Performance wise, the behavior is the same no matter if pixel or compute shaders, because pixel shaders also run in wavefronts / warps. If only one pixel out of 32/64 diverges, the other quads in the wave slow down too.

However, programmers need branches, otherwise there's not much you can do at all. Which is why i never understood the advice of ‘avoid branches’ even on very old GPUs.

Personally, i've had one problem which helped me to get rid of the compulsive desire to keep all your threads 100% busy all the time: Simple N-body problem.
Imagine we have workloads of many N-body problems, each having a variable size between 30 and 200 bodies.
The fastest way to process them is to have dispatches of varying workgroup sizes 32, 64, 128 and 256. Each workgroup processing problems ≤ their size. And > their half size, because then the next, smaller workgroup wastes less threads.
Rephrasing this, we can say: ‘To solve the problem most efficiently, you'll have 75% of your threads busy.' The rest is idle, but this does not change the fact of ideal efficiency.

The same is true for branches in general, if you look at it from this angle.

@undefined I'm not sure about elsewhere, but nobody here said that “branching is always slow” ?. I said something very different: that there's a ton of nuance here and everything needs to be carefully qualified. If you're seeing advice somewhere that “branching is always slow” it's either wrong or outdated.

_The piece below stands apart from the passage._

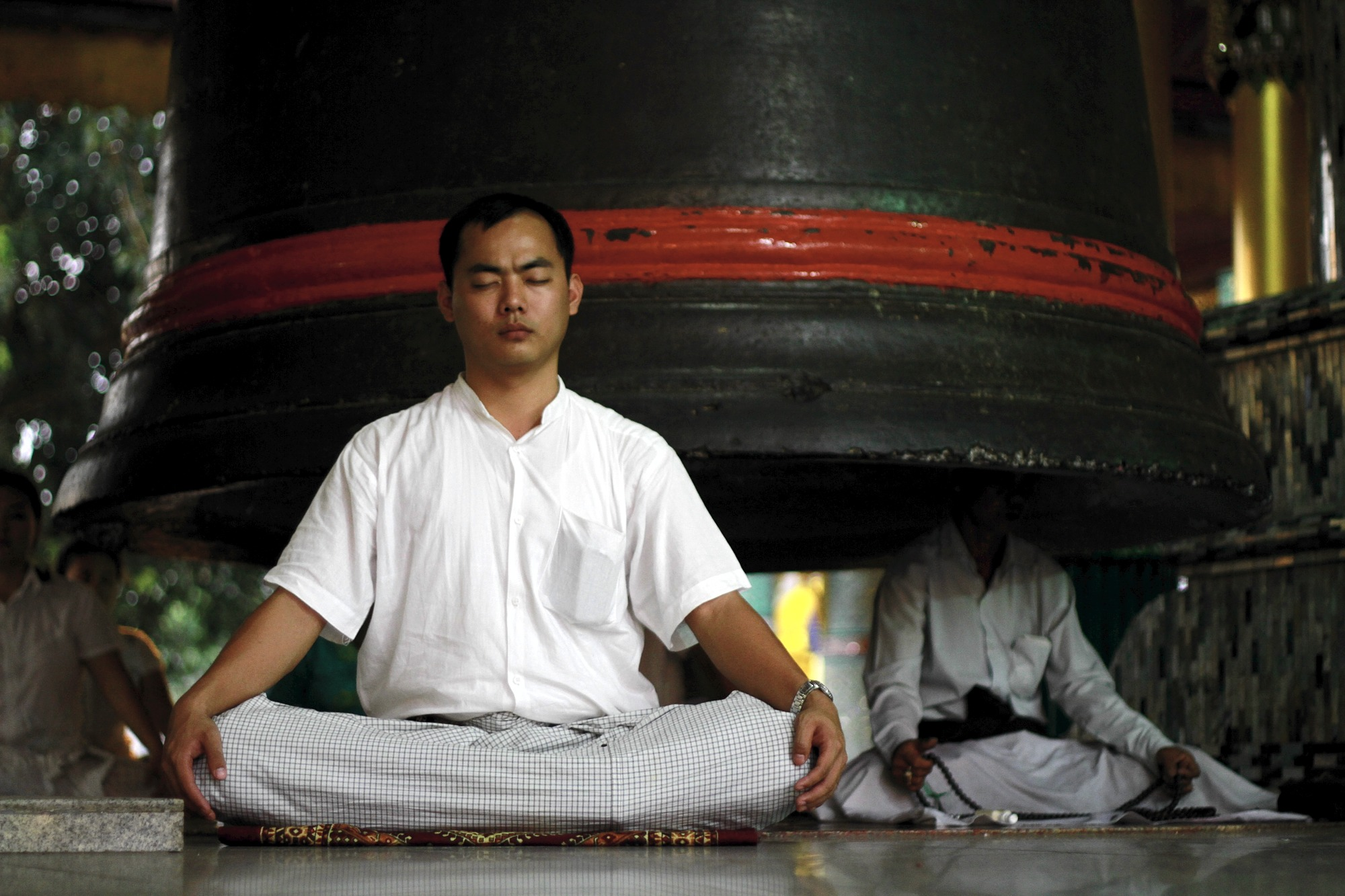 A man meditates in front of a giant bell at Shwedagon Pagoda in Yangon, Myanmar on 27 April 2012.

In reality trying to assign some “cost” to your if statement is complicated and depends on a whole host of factors, which is why I went out of my way to immediately break things out into 3 broad categories to illustrate how wildly different things can happen on the hardware level depending on what you're doing (and I didn't even cover the case of drivers messing with your shaders behind the scenes, which can happen).

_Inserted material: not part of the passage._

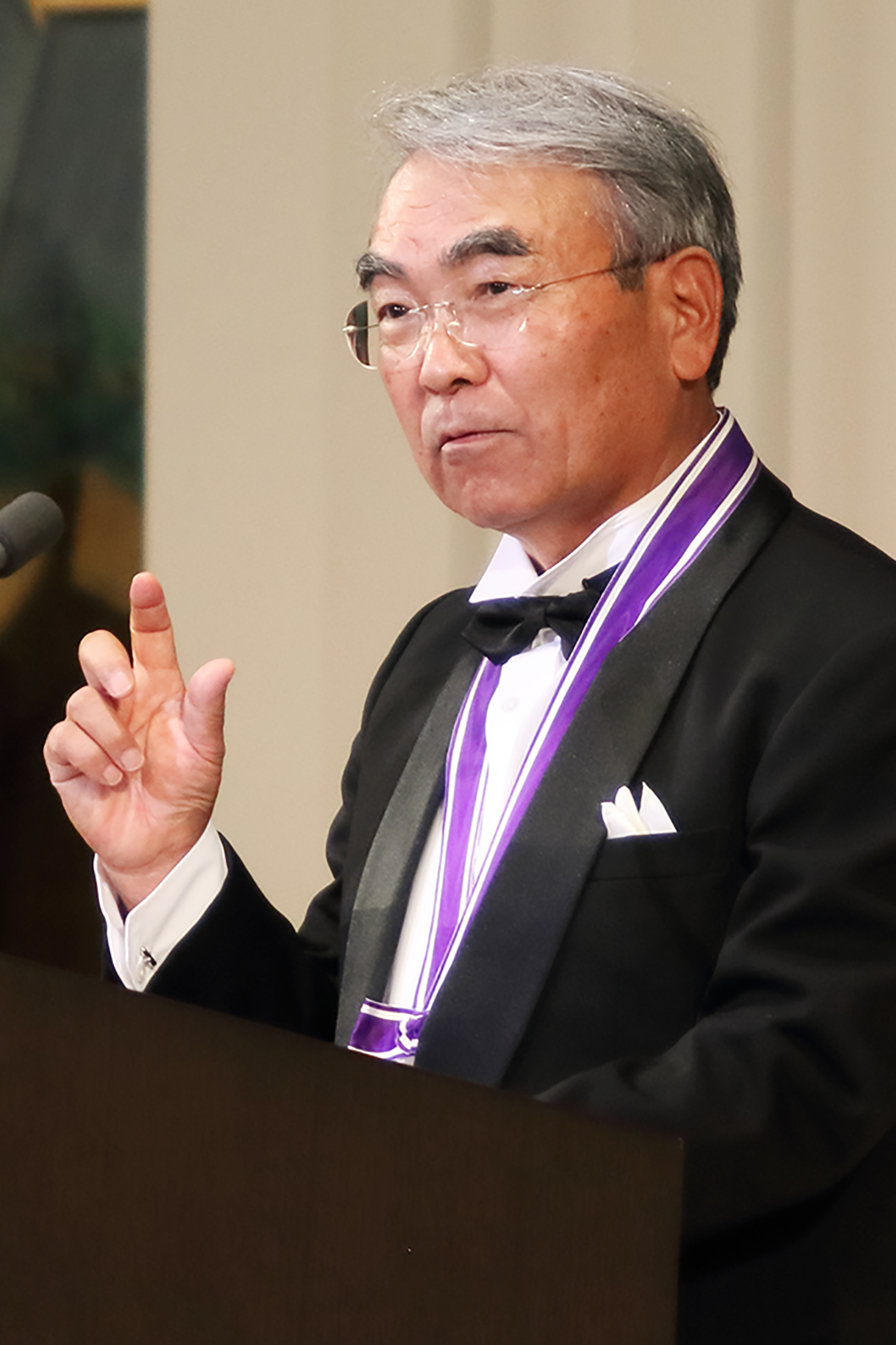 Dr Takeo Kanade speeched at 2016 Kyoto Prize Presentation Ceremony.

People use branches all of the time in shaders these days. In general I would not say you should automatically avoid them or anything like that. If they're working well for your case that's great, just be careful not to extrapolate too much from one test case (for example: it's not at all clear from your code snippet whether textureID is uniform or divergent). Instead I would recommend taking a principled approach towards performance where you gather as much information as you can, make reasonable estimates based on your knowledge and mental models, and verify your assumptions wherever possible. If you go too far in the other direction and simply assume that branches are always going to work out for you, you will inevitably end up hitting cases where your assumptions are incorrect. I would also be wary of absolute statements about performance, they almost always need to be qualified in some way.

MJP said:

I would be wary of simplifying things here too much, there's a lot of nuance to branches. Really you need to break things down into 3 kinds of branches to understand things better: […]

@MJP : Very nice answer! I do have one question though (I hope you see this) :

I have often been wondering if there is any difference between if-branches and switch-branches. From CS courses we learned that the second option may allow the compiler to create a jump-table, which eases the logic needed for branch-prediction and -resolution. Following your intuition in bullet #2, the logical deduction would be that whichever value we decide to switch on has to be a compile-time constant for maximum efficiency, or a uniform-value for semi-optimal runtime behavior. And finally - would the same penalty with register allocation overhead occur with switch as it would with if ?

I wrote some code for a tutorial on bloom, where this setup handles downsampling of an image:

switch (mipLevel) // `mipLevel` is a uniform int
{
case 0:
    [...]
    break;
default:
    [...]
    break;
}

Granted, it could be replaced with an if-else branch. But I have used this pattern before with more clauses, and am curious about best-practices. Thanks in advance!